Mientras bebía un café con leche para calentar el cuerpo y lo acompañaba con una crujiente tortilla con queso de cabra, repasaba un borrador en mi cuaderno de dibujos. Se trataba de la imagen de Inara, una hermosa joven que conocí junto a la playa, con la que nos llevábamos viendo cada tarde junto a las rocas desde hace un poco más de una semana. En el boceto no conseguía atrapar la magia de su encanto, pero de seguro en el lienzo si lo conseguiría; por lo tanto, una vez en mi departamento de la capital, con ayuda de las fotografías que tenía de ella, me pondría a trabajar para darle la vida que esperaba.
Repasé su imagen en mi cabeza y le retoqué los labios con el carboncillo: tenían que mostrarse finos y sensuales. Me sentí conforme con lo que veía, pero me parecía que aún faltaba un poco más, no lograba regocijarme con la delicia de un dibujo vivo, seguía a medio acabar.
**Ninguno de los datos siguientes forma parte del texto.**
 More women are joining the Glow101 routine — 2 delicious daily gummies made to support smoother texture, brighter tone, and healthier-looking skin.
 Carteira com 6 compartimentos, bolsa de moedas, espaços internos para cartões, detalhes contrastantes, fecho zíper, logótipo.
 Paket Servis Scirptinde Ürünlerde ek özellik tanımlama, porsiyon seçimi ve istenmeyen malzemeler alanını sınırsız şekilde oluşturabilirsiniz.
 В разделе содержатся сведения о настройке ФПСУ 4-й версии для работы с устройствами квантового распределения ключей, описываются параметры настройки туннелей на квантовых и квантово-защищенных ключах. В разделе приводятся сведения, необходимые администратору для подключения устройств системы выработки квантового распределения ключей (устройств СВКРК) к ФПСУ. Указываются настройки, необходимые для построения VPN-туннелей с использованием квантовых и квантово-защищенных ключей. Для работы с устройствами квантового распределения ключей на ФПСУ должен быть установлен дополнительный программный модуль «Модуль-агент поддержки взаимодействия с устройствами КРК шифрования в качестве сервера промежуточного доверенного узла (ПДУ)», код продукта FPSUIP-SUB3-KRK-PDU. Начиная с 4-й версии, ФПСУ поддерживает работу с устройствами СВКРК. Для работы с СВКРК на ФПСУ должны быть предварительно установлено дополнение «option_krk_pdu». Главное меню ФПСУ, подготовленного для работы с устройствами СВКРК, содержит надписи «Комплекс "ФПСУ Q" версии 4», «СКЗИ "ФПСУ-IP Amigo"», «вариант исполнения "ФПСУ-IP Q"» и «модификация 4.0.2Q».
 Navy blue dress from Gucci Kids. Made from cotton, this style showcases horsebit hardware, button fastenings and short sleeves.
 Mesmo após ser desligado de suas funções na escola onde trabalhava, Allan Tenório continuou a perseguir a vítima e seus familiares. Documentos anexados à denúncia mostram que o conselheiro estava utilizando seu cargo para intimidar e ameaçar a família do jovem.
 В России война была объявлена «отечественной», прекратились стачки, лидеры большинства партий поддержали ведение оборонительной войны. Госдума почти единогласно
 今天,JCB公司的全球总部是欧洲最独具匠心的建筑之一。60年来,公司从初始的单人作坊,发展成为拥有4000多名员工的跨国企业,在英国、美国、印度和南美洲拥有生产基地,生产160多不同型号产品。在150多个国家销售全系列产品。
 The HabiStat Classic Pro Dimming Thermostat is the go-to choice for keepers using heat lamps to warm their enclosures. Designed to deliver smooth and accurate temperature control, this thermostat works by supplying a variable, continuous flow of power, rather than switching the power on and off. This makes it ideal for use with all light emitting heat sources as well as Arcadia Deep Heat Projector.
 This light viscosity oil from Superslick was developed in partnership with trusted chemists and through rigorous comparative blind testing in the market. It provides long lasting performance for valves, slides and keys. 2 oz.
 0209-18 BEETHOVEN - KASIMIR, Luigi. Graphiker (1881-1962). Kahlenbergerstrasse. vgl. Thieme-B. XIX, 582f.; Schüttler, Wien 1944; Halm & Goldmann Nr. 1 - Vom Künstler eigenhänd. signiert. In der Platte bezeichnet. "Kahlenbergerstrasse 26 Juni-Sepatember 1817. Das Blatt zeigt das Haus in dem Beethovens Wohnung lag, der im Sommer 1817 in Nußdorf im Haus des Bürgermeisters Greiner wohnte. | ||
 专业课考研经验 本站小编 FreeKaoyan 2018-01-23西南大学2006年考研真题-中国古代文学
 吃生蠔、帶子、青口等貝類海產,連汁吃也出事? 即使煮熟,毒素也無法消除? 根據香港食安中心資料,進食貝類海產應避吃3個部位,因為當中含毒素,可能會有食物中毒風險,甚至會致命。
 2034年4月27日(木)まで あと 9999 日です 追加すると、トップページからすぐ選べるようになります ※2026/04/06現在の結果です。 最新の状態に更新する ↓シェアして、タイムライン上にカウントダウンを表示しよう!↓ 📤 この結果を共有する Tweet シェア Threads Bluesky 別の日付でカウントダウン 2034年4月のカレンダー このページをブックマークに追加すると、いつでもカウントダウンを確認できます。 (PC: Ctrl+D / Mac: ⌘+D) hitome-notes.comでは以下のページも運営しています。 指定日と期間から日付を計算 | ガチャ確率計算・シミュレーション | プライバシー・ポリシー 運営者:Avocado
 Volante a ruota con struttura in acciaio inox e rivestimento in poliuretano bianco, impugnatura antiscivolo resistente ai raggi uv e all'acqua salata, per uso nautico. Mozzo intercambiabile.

Terminé el café, y lo que me restaba de tortilla lo metí envuelto en servilletas al morral. Luego salí sin esperar a que alumbrara el sol. La niebla se extendía como un velo por sobre el puerto, impregnándole de una belleza singular, y cuando hallé un sitio perfecto para acomodarme con mi cuaderno tracé un par de líneas, tomé unas pocas fotografías y continué turisteando.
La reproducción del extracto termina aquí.